14.4.4 Selective 1D Experiments

14.4.4.1 1D TOCSY*
  • F2 = −0.5 to 9.5 ppm

  • NP = 32,768

  • FN = 65,536

  • SS = 16

  • NS = 4–64**

  • Mix = 0.00 s and 0.08 s (or array)***

  • Apodization = 0.5-Hz line broadening

*If available, the use of the Z-TOCSY sequence is strongly recommended.

**If using a relatively long mixing time, a larger number of scans will be needed since the initial magnetization is spread amongst several proton multiplets.

***Acquisition of an initial spectrum with zero mixing time is recommended to ensure that one has a clean excitation of only the desired multiplet. Arraying the mixing time (e.g. 0.0, 0.25, 0.5, 0.75, 1.0 s) is useful since this allows one to assign sequences of coupled protons.

14.4.4.2 1D NOESY or ROESY*
  • F2 = −0.5 to 9.5 ppm

  • NP = 32,768

  • FN = 65,536

  • SS = 16

  • NS = 16–256**

  • Mix = 0.5 s

  • Apodization = 2-Hz line broadening

*The use of NOESY is suggested for molecules of molecular weight <600 Da while ROESY is strongly recommended for larger molecules.

**Both NOESY and ROESY measure transient NOE buildup and are relatively insensitive.

15 Conclusions

As indicated in the Introduction, NMR spectroscopy is a very powerful tool for natural product structure elucidation. However, in order to obtain the best results in the shortest time and to avoid making errors in structure determination, it is important to make informed choices of pulse sequences, acquisition parameters, and processing parameters. It is also important to approach unknown structural problems with an open mind and let the data point you to the correct structure rather than trying to force the data to fit a structure that you suspect.
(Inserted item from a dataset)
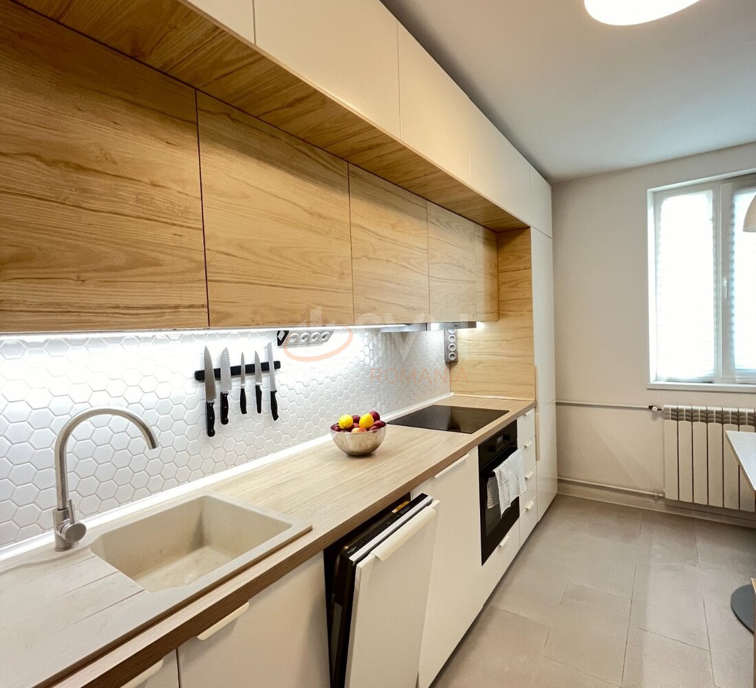 Proprietatea a fost renovata complet, cu atentie la detalii si materiale de calitate: instalatii electrice refacute integral, cablu de cupru de 2,5 mm, instalatii de apa si termoficare realizate cu teava de cupru, calorifere noi din aluminiu si geamuri tripan la toate camerele pentru un plus de confort termic si fonic.

Hopefully, this contribution will provide a natural product chemist, who has a basic understanding of NMR spectroscopy, with the increased knowledge needed to apply this technique more effectively in his/her research. If so, we will have achieved our goal in writing this chapter.